W0921 23:51:54.306350 10912 kernel_stack_watchdog.cc:111] Thread 10937 stuck at /data/kudu/consensus/log.cc:505 for 537ms:
Kernel stack:
[<ffffffffa00b209d>] do_get_write_access+0x29d/0x520 [jbd2]
[<ffffffffa00b2471>] jbd2_journal_get_write_access+0x31/0x50 [jbd2]
[<ffffffffa00fe6d8>] __ext4_journal_get_write_access+0x38/0x80 [ext4]
[<ffffffffa00d9b23>] ext4_reserve_inode_write+0x73/0xa0 [ext4]
[<ffffffffa00d9b9c>] ext4_mark_inode_dirty+0x4c/0x1d0 [ext4]
[<ffffffffa00d9e90>] ext4_dirty_inode+0x40/0x60 [ext4]
[<ffffffff811ac48b>] __mark_inode_dirty+0x3b/0x160
[<ffffffff8119c742>] file_update_time+0xf2/0x170
[<ffffffff8111c1e0>] __generic_file_aio_write+0x230/0x490
[<ffffffff8111c4c8>] generic_file_aio_write+0x88/0x100
[<ffffffffa00d3fb1>] ext4_file_write+0x61/0x1e0 [ext4]
[<ffffffff81180f5b>] do_sync_readv_writev+0xfb/0x140
[<ffffffff81181ee6>] do_readv_writev+0xd6/0x1f0
[<ffffffff81182046>] vfs_writev+0x46/0x60
[<ffffffff81182102>] sys_pwritev+0xa2/0xc0
[<ffffffff8100b072>] system_call_fastpath+0x16/0x1b
[<ffffffffffffffff>] 0xffffffffffffffff

User stack:
    @       0x3a1ace10c4  (unknown)
    @          0x1262103  (unknown)
    @          0x12622d4  (unknown)
    @          0x12603df  (unknown)
    @           0x8e7bfb  (unknown)
    @           0x8f478b  (unknown)
    @           0x8f55db  (unknown)
    @          0x12a7b6f  (unknown)
    @       0x3a1b007851  (unknown)
    @       0x3a1ace894d  (unknown)
    @              (nil)  (unknown)

These traces can be useful for diagnosing root-cause latency issues when they are caused by systems below Kudu, such as disk controllers or file systems.

Memory Limits

Kudu has a hard and soft memory limit. The hard memory limit is the maximum amount a Kudu process is allowed to use, and is controlled by the --memory_limit_hard_bytes flag. The soft memory limit is a percentage of the hard memory limit, controlled by the flag memory_limit_soft_percentage and with a default value of 80%, that determines the amount of memory a process may use before it will start rejecting some write operations.

If the logs or RPC traces contain messages like

Service unavailable: Soft memory limit exceeded (at 96.35% of capacity)

then Kudu is rejecting writes due to memory backpressure. This may result in write timeouts. There are several ways to relieve the memory pressure on Kudu:

  • If the host has more memory available for Kudu, increase --memory_limit_hard_bytes.

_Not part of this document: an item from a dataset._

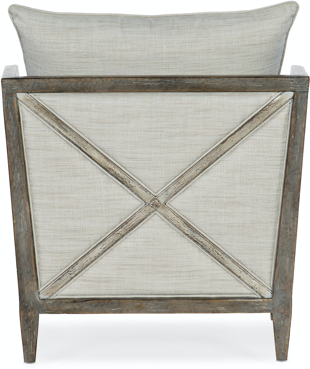 Sure to become a favorite place for refuge at the end of the day, the Sanctuary Prim Lounge Chair is a striking silhouette with a classic X motif over fabric on the back and sides. The exposed wood frame and legs are finished in Quartz Grey, a light wood tone with areas of cool gray burnishing creating a subtle two-tone effect. With a loose pillow back, the Prim is upholstered in Encore Pearl, a performance fabric to resist stains and spills.

  • Increase the rate at which Kudu can flush writes from memory to disk by increasing the number of disks or increasing the number of maintenance manager threads --maintenance_manager_num_threads. Generally, the recommended ratio of maintenance manager threads to data directories is 1:3.

  • Reduce the volume of writes flowing to Kudu on the application side.

Disk Issues

When Kudu starts, it checks each configured data directory, expecting either for all to be initialized or for all to be empty. If a server fails to start with a log message like

Check failed: _s.ok() Bad status: Already present: Could not create new FS layout: FSManager root is not empty: /data0/kudu/data

then this precondition has failed. This could be because Kudu was configured with non-empty data directories on first startup, or because a previously-running, healthy Kudu process was restarted and at least one data directory was deleted or is somehow corrupted, perhaps because of a disk error. If in the latter situation, consult the Changing Directory Configurations documentation.

Issues using Kudu

ClassNotFoundException: com.cloudera.kudu.hive.KuduStorageHandler

Users will encounter this exception when trying to use a Kudu table via Hive. This is not a case of a missing jar, but simply that Impala stores Kudu metadata in Hive in a format that’s unreadable to other tools, including Hive itself and Spark. There is no workaround for Hive users. Spark users need to create temporary tables.